------ Extracted entries ------

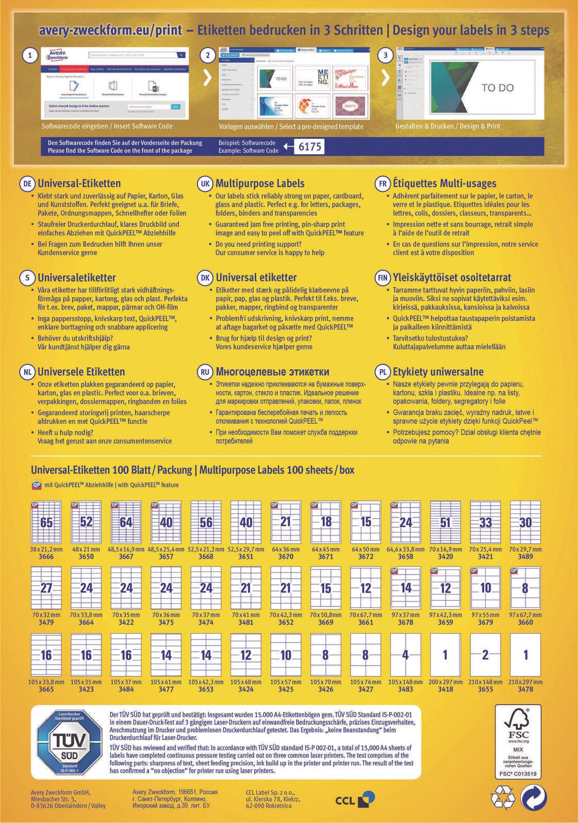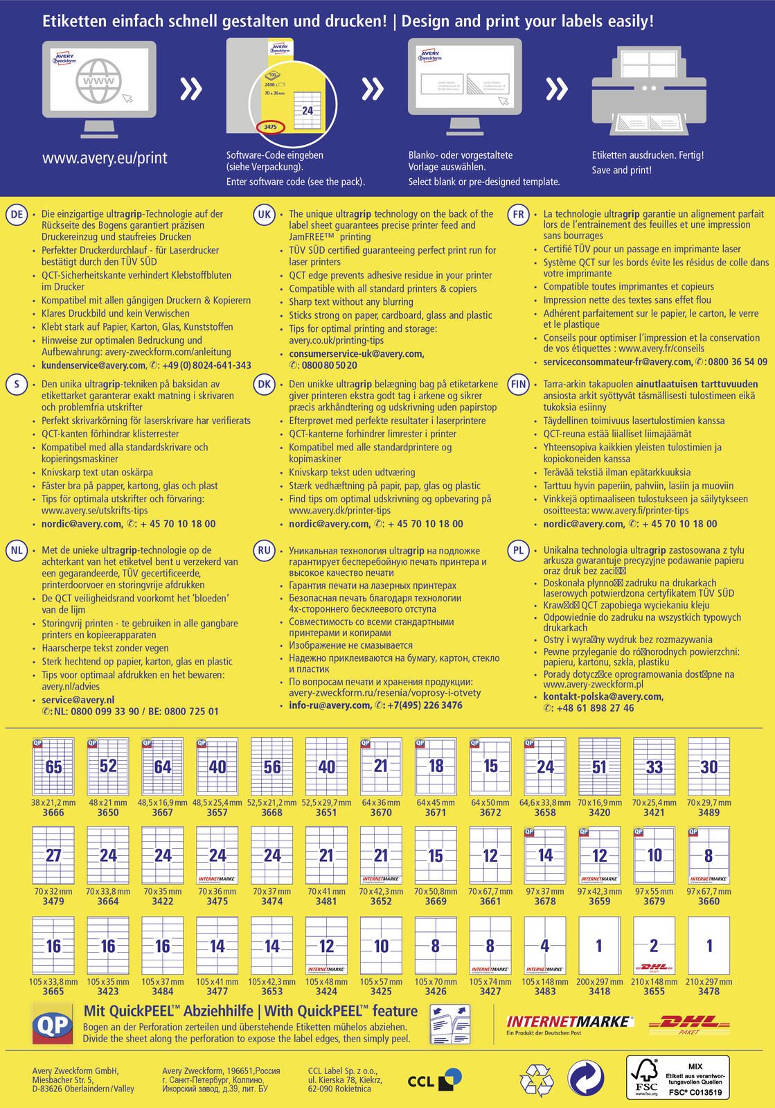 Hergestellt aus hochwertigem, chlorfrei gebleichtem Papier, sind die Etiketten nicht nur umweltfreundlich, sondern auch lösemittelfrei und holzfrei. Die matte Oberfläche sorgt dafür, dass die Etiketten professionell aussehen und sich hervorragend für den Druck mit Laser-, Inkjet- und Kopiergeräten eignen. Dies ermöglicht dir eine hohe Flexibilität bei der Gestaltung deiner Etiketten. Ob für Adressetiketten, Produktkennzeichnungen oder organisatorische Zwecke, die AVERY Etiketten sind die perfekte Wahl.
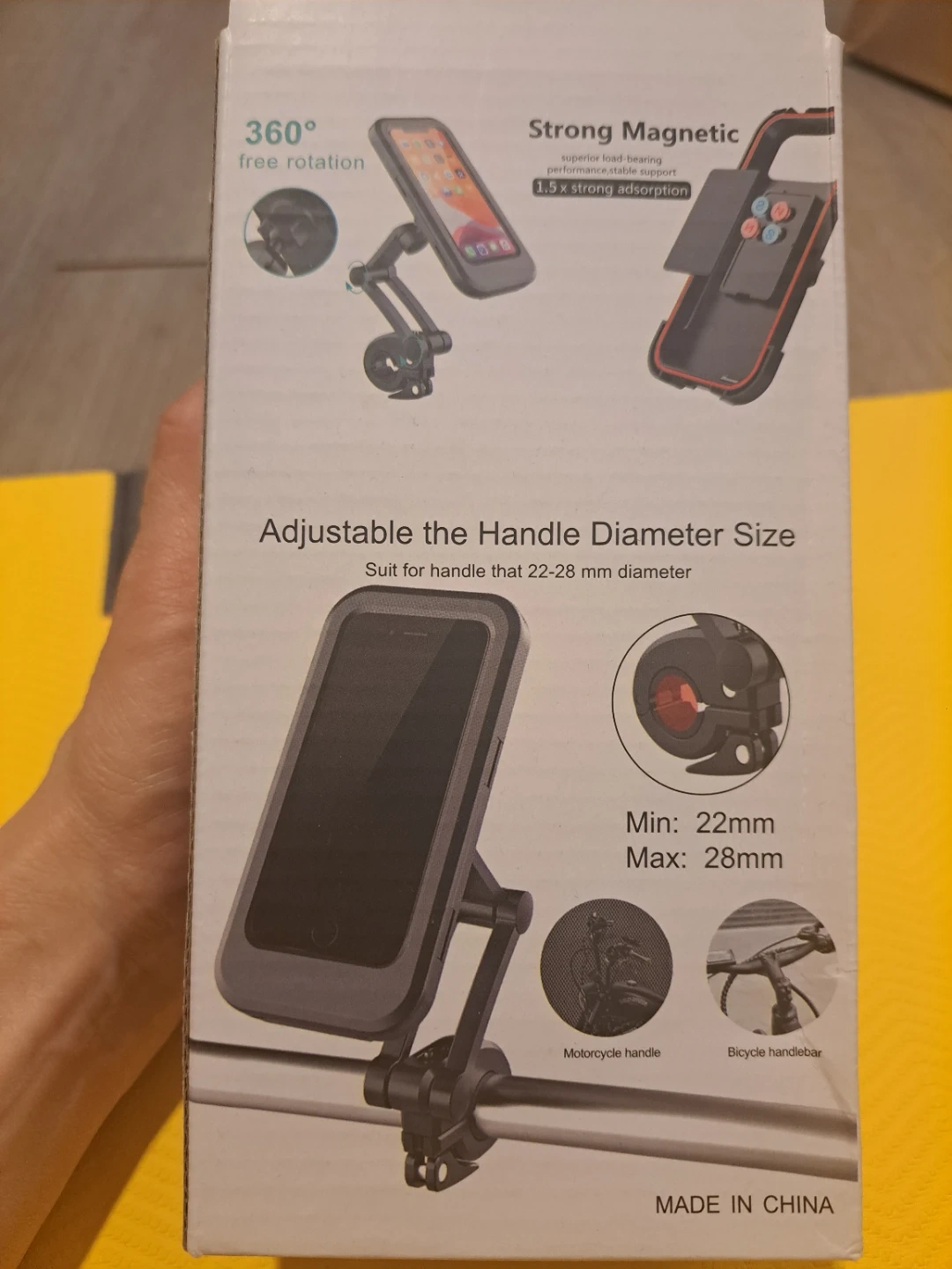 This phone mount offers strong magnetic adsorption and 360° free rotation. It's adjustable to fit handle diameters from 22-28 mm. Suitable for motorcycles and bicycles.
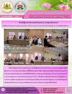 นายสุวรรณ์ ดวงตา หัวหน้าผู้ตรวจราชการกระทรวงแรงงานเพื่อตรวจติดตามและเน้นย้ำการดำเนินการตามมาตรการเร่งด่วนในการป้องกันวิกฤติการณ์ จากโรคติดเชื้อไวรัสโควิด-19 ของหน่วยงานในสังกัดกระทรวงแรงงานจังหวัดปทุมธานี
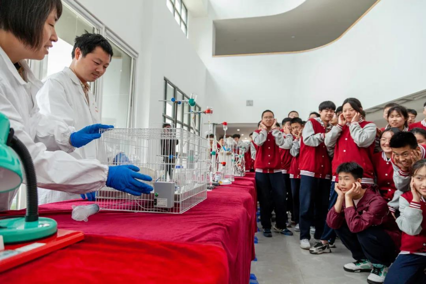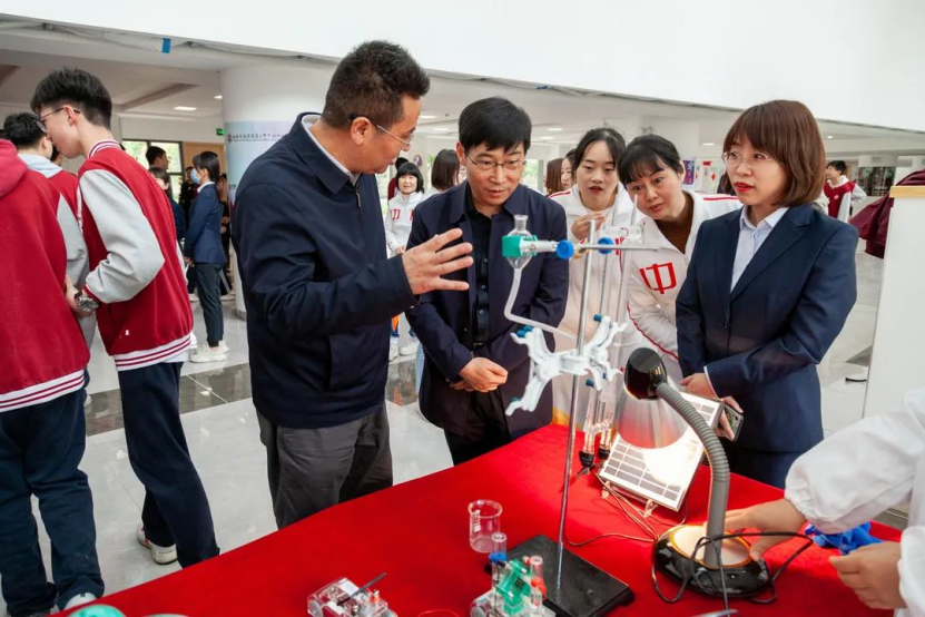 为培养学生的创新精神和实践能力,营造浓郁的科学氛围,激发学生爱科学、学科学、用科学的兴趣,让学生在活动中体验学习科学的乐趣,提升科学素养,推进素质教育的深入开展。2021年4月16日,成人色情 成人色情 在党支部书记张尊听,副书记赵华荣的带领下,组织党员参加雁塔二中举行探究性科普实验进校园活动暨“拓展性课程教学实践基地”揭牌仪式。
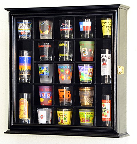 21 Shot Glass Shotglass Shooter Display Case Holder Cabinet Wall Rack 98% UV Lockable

------
------ Extracted entries ------

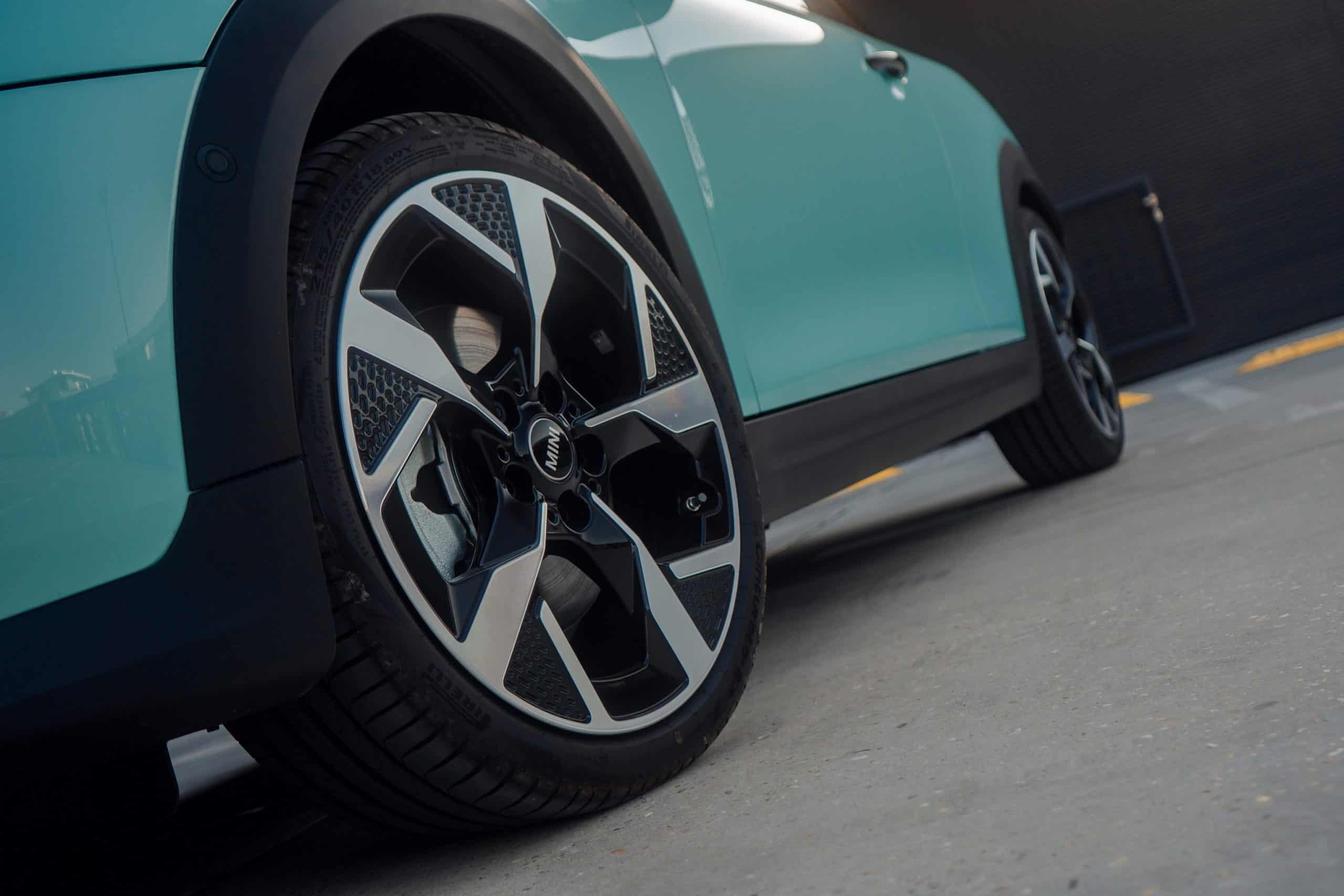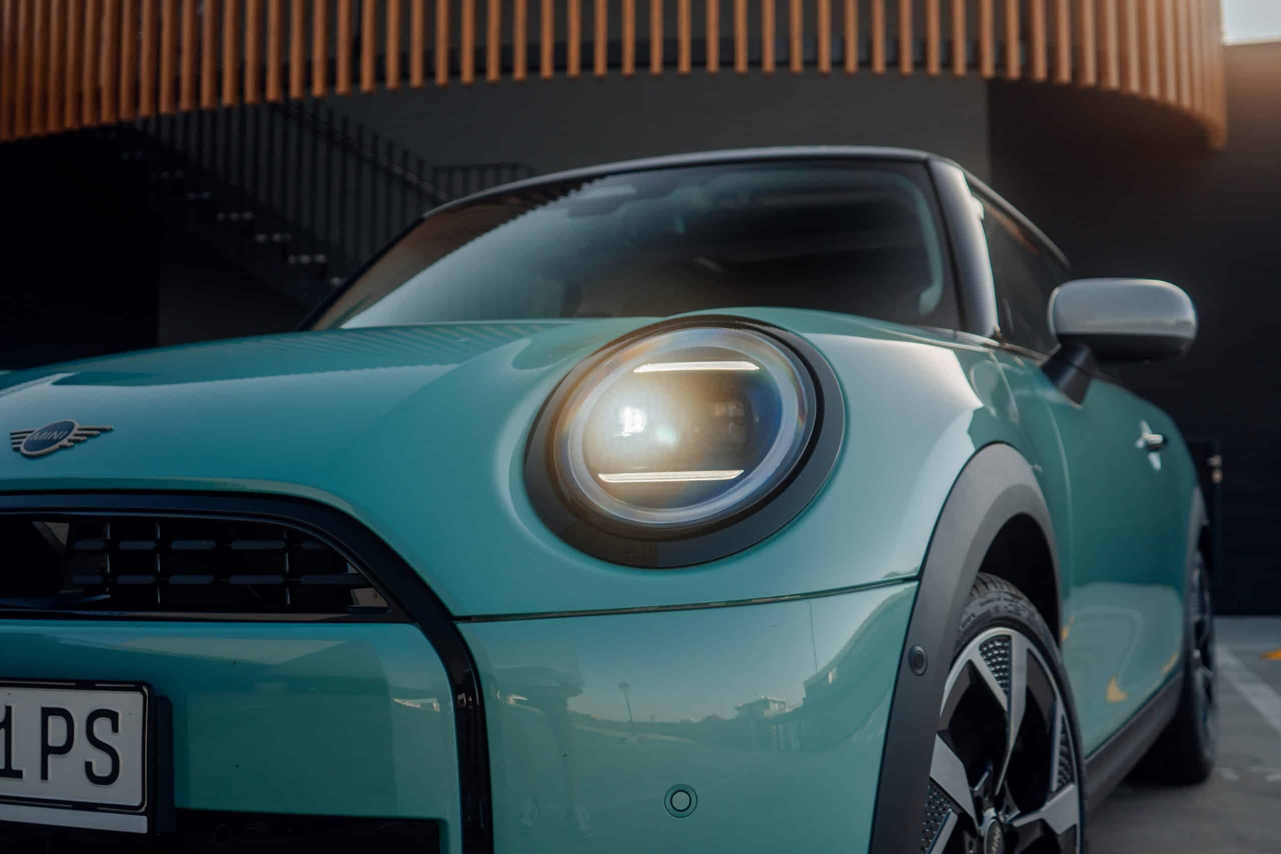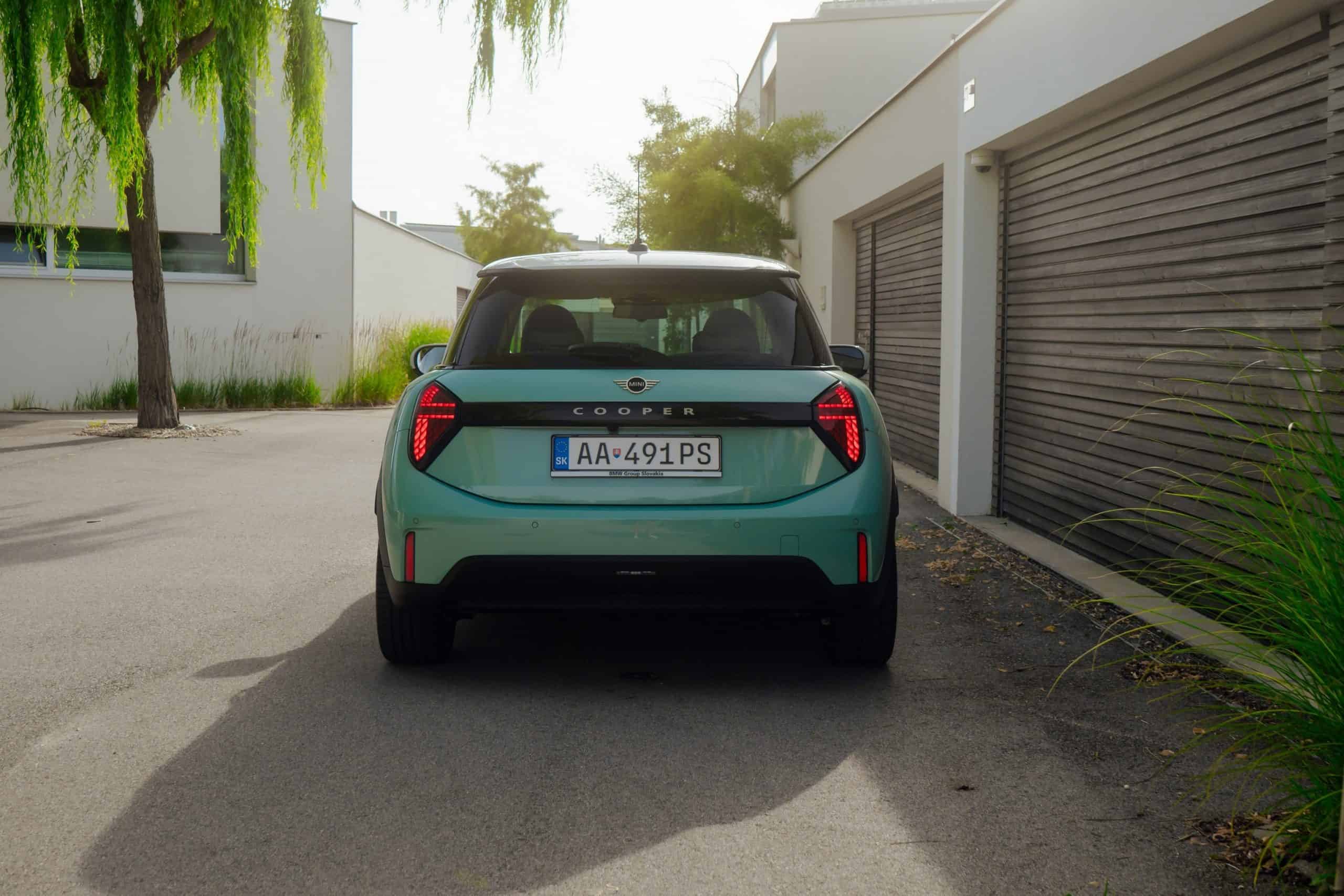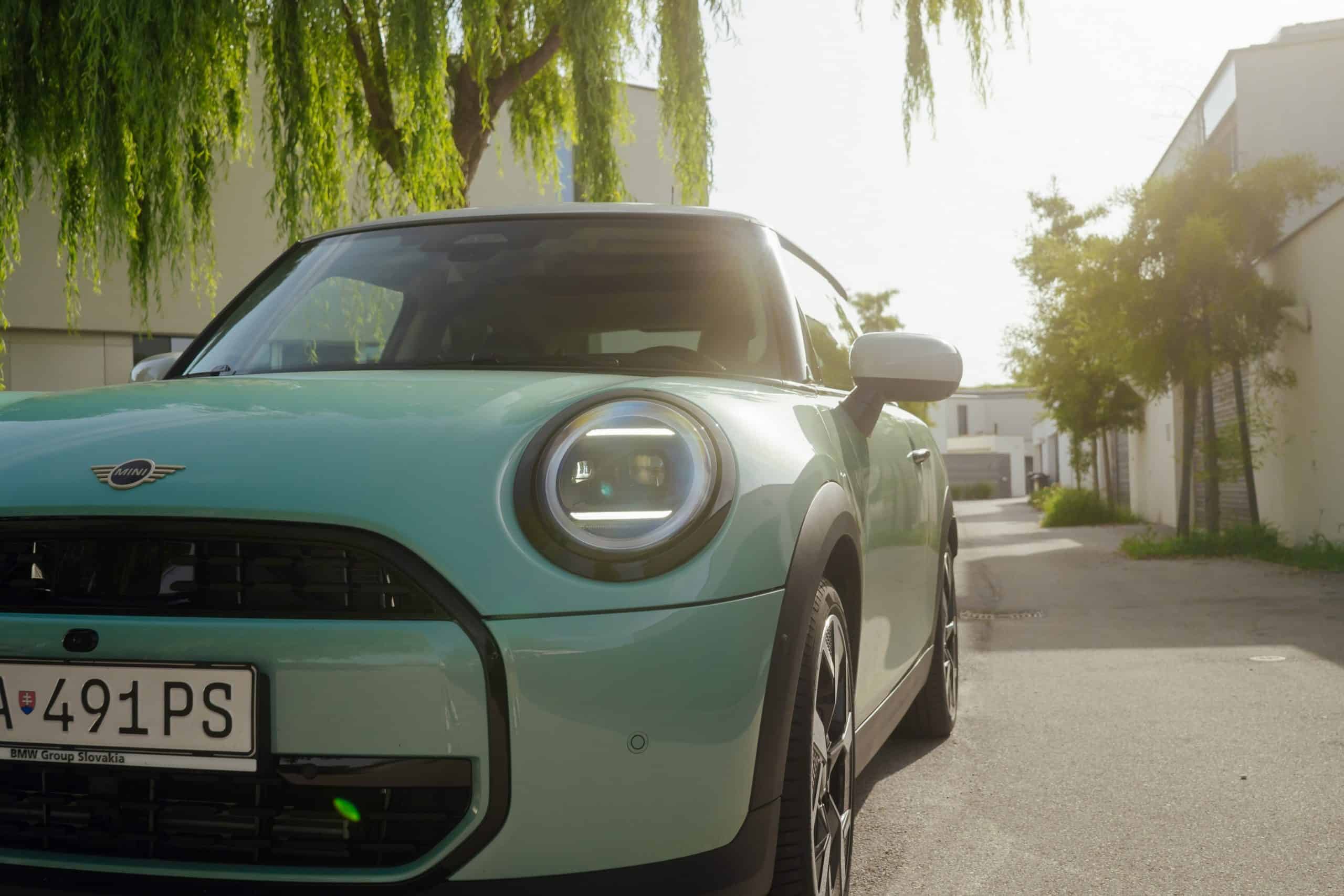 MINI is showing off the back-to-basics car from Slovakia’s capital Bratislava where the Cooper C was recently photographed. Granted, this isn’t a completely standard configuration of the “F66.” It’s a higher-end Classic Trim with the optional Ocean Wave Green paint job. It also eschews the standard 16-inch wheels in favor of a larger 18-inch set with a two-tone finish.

------

Assignment: Your answer must be the exact lines from the records above, from the one containing "Hergestellt aus hochwertigem, chlorfrei" through the one containing "21 Shot Glass", both included, with every picture left out.

Task response:
 Hergestellt aus hochwertigem, chlorfrei gebleichtem Papier, sind die Etiketten nicht nur umweltfreundlich, sondern auch lösemittelfrei und holzfrei. Die matte Oberfläche sorgt dafür, dass die Etiketten professionell aussehen und sich hervorragend für den Druck mit Laser-, Inkjet- und Kopiergeräten eignen. Dies ermöglicht dir eine hohe Flexibilität bei der Gestaltung deiner Etiketten. Ob für Adressetiketten, Produktkennzeichnungen oder organisatorische Zwecke, die AVERY Etiketten sind die perfekte Wahl.
 This phone mount offers strong magnetic adsorption and 360° free rotation. It's adjustable to fit handle diameters from 22-28 mm. Suitable for motorcycles and bicycles.
 นายสุวรรณ์ ดวงตา หัวหน้าผู้ตรวจราชการกระทรวงแรงงานเพื่อตรวจติดตามและเน้นย้ำการดำเนินการตามมาตรการเร่งด่วนในการป้องกันวิกฤติการณ์ จากโรคติดเชื้อไวรัสโควิด-19 ของหน่วยงานในสังกัดกระทรวงแรงงานจังหวัดปทุมธานี
 为培养学生的创新精神和实践能力,营造浓郁的科学氛围,激发学生爱科学、学科学、用科学的兴趣,让学生在活动中体验学习科学的乐趣,提升科学素养,推进素质教育的深入开展。2021年4月16日,成人色情 成人色情 在党支部书记张尊听,副书记赵华荣的带领下,组织党员参加雁塔二中举行探究性科普实验进校园活动暨“拓展性课程教学实践基地”揭牌仪式。
 21 Shot Glass Shotglass Shooter Display Case Holder Cabinet Wall Rack 98% UV Lockable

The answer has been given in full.